What’s also true, as I write this on a 70-degree day in late fall in Astoria, New York, is that Mr. Irwin utterly fails to address both the severity of the worsening climate crisis and its underlying causes. In 1965 — the year before Mr. Irwin entered Bowdoin College — the American Petroleum Society told its members that carbon dioxide would produce “marked changes in climate” by the year 2000. The fossil fuel industry has known for more than half a century the havoc it would wreak on people’s lives.
In those fifty-odd years, the industry has not only sought to hide its own culpability, but waged a relentless public relations campaign, full of spurious arguments much like Mr. Irwin’s, against the growing number of concerned citizens it considers its enemies. Twenty years ago, for instance, when British Petroleum began heavily promoting the term “carbon footprint,” the company did so to deflect attention from corporate malfeasance and to shift the blame to individual lifestyle choices.
Note that BP is unfortunately and inexplicably missing from the list of companies from which Princeton has committed to dissociate. For alumni truly committed to the “service of all nations” — and for anyone worried about famine and drought, fires and hurricanes, rising temperatures and rising seas — we need to keep fighting.

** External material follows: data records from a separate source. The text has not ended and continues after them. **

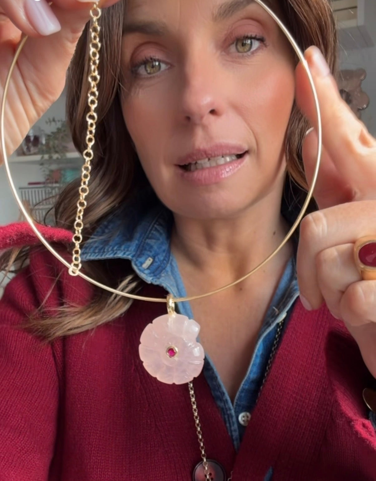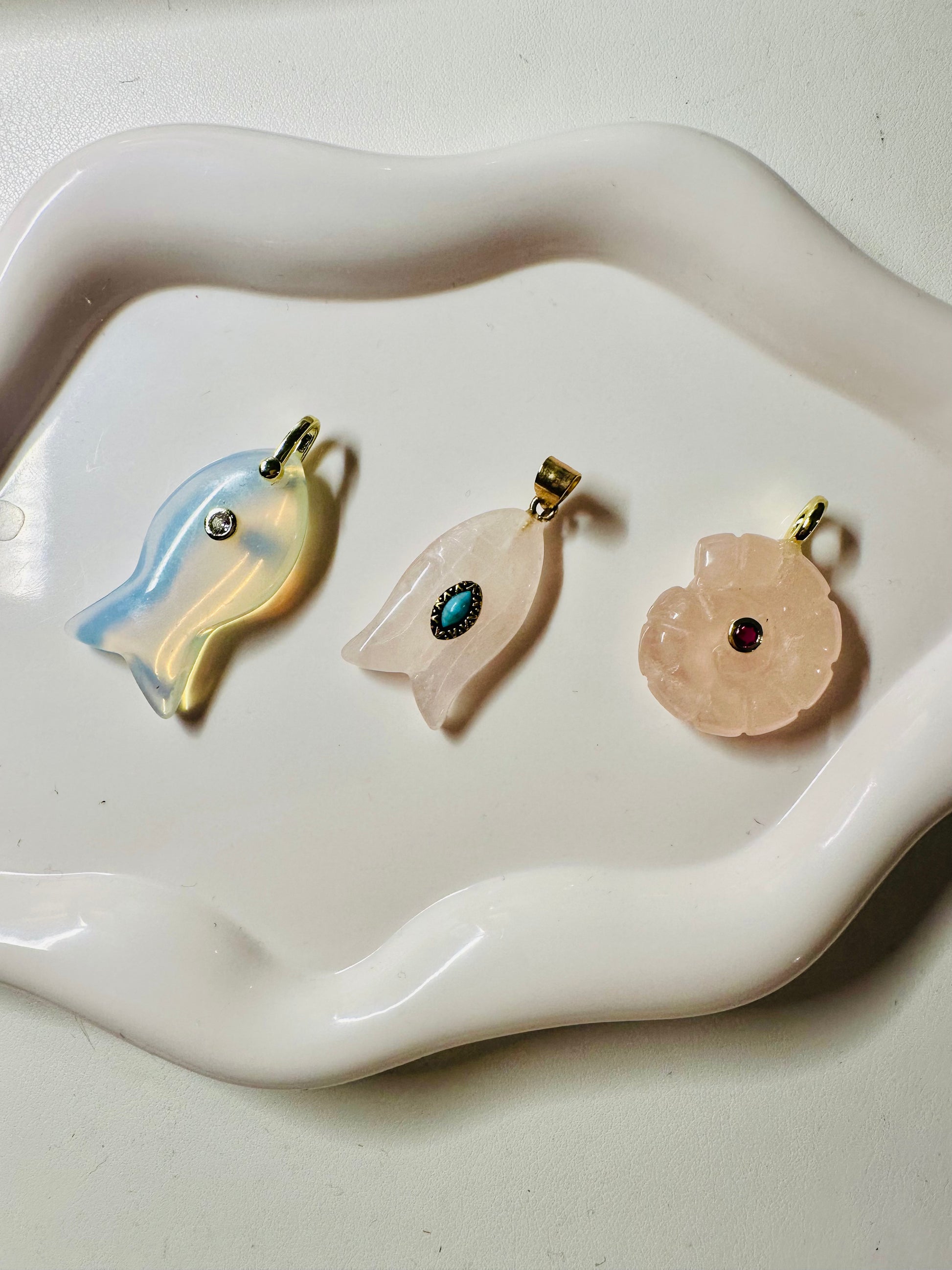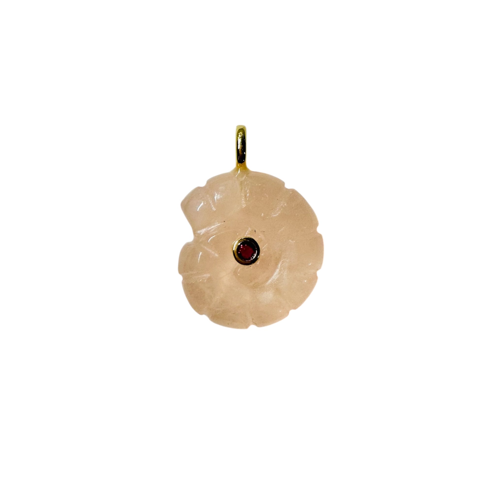 Ciondolo in quarzo rosa naturale stilizzato con forma di un’Ammonite. Simbolo di rinascita e forza.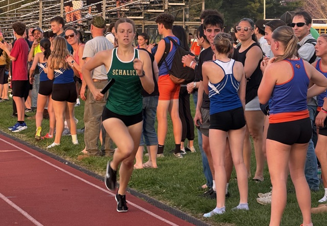 In one of the more anticipated races of the day, Schalick’s David Stewart beat Woodstown’s Josh Crawford by four-tenths of a second to win the 400. Stewart also won the 100 and long jump. Crawford came back and won his specialty, the 800. Jacob Marino, another of the Four Horsemen, won the 1600 and 3200.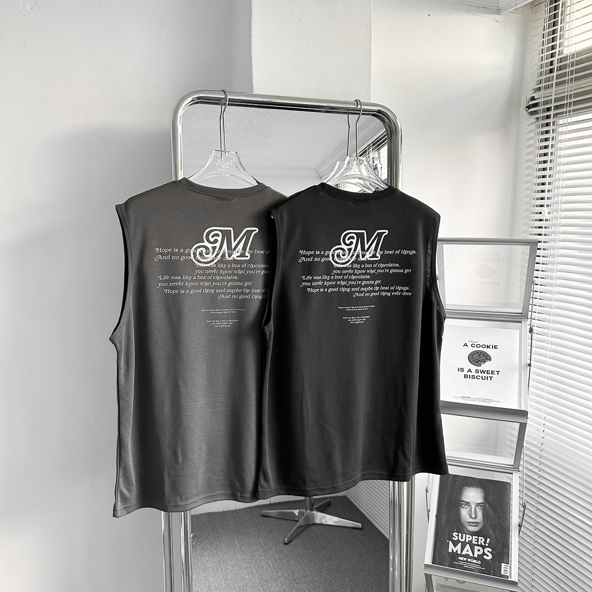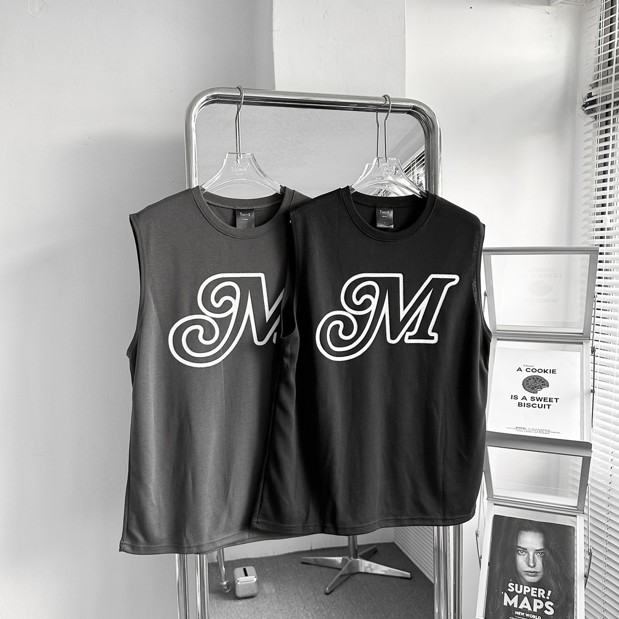 現貨【DOUBLE4】韓國 復古 M 前後字母 個性 男女 無袖背心 厚磅 暗黑 韓系背心 健身背心 運動背心 2370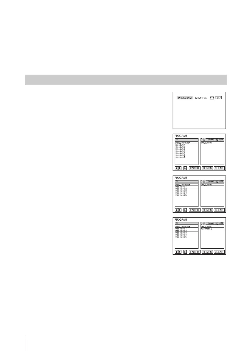 The programmed tracks are displayed in the selected order. Press CLEAR to cancel the last

In last week’s PAW, Clark Irwin attempts a haphazard assault on fossil fuel divestment. His ad hominem criticisms of the broad and burgeoning divestment movement careen from pseudo-scientific psychobabble (“irrational,” “zealots,” “obsessive compulsive,” “pathologically interesting”) to condescending paternalism (“hobby,” “trendy,” “tantrum-driven”). I wonder whether Mr. Irwin has considered whether words like “irrational” and “tantrum-driven” might apply more aptly to a certain former U.S. president who has denied the overwhelming scientific consensus on climate change.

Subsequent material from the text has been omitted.